Sunday, August 19, 2007

We Can't Have Anything Nice

I am a Spongebob fanatic. I guess “fanatic” is a bit of an overstatement, since I don’t have antannae, satellite, cable, or any other means to capture the signal that would allow me to watch the actual television cartoon, and since I haven’t even seen the movie.

In a brilliant stroke of foreshadowing, my grandmother, Elsa, told me the story of how she came to collect miniature statues of mice the first time I ever visited her home in Hawa’ii. It seems that one of her children brought her a miniature mouse statue home once, and someone got it in their mind that she liked little statues of mice. So he or she (she either really couldn't remember or just didn't want to stigmatize the culprit) just kept giving them to her. And as these manias run in families, the misconception spread to others and the rest joined in on the gifting. Year after year, holiday after holiday, she was the beneficiary of some mistaken family myth about what she liked.

She, of course, did not tell the story thusly. She was very kind and loving and generous notwithstanding having received hundreds of statues of mice to dust through the course of her adulthood.
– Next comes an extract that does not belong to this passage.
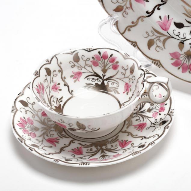 Pink and silver on bone china, to include: nine dinner plates (11 in.); eight plates (8.25 in.); eight cups and eight saucers; eight demitasse cups and eight saucers. (49) pieces total.

And of course, my Spongebob situation is not nearly as bleak or overwhelming as the decades-long accumulation of little mice. I like Spongebob. He is cerebral but goofy, willing to learn from his boneheaded mistakes and call others on theirs, generally good-natured and occasionally intense. Not that I can even begin to compare with the ceramic mouse collection, but I do have Spongebob underwear, t-shirts, slinkies, interchangeable dolls, notecubes (three of these, actually), address books, pool toys, towels, shower curtains, and the list goes on. . .

Having put all this thought into the why’s of my Spongebob affectation, you can imagine how horrified I was to come upon this in my living room this morning:


Until some time last week, I had a soft-sided Spongebob lunch pail. His body was the “pail” part, and he had these now disembodied and disemboweled plastic arms sticking off the side, and pants and legs stuck onto the bottom. I had contemplated using duct tape to perform cosmetic repairs and just have my Spongebob be the amputee Spongebob, but decided that others may not take it in the spirit it was intended.

The dogs choose the most random and unpredictable things to pick off of the high parts of the countertop and destroy. All I can say is that it’s a good thing I still have my “Charlie’s Angels” lunch pail or I would have been seriously ticked.

We just can’t have anything nice, now can we?!?!?

1 comment:

Anonymous said...

Oooo, the picture makes me sad for him. I like the idea of taping him back together. Seems I have seen a SBSP tv-cartoon with him in JUST that type of jam too. Ahhhh, life imitating art, imitating life... the age-old and endless cycle. Very avant-garde of the krewe. Give them some paint and a canvas and see what they come up with:) Budding artists, I tell ya! I've got a feeling about this. Good stuff. Ev.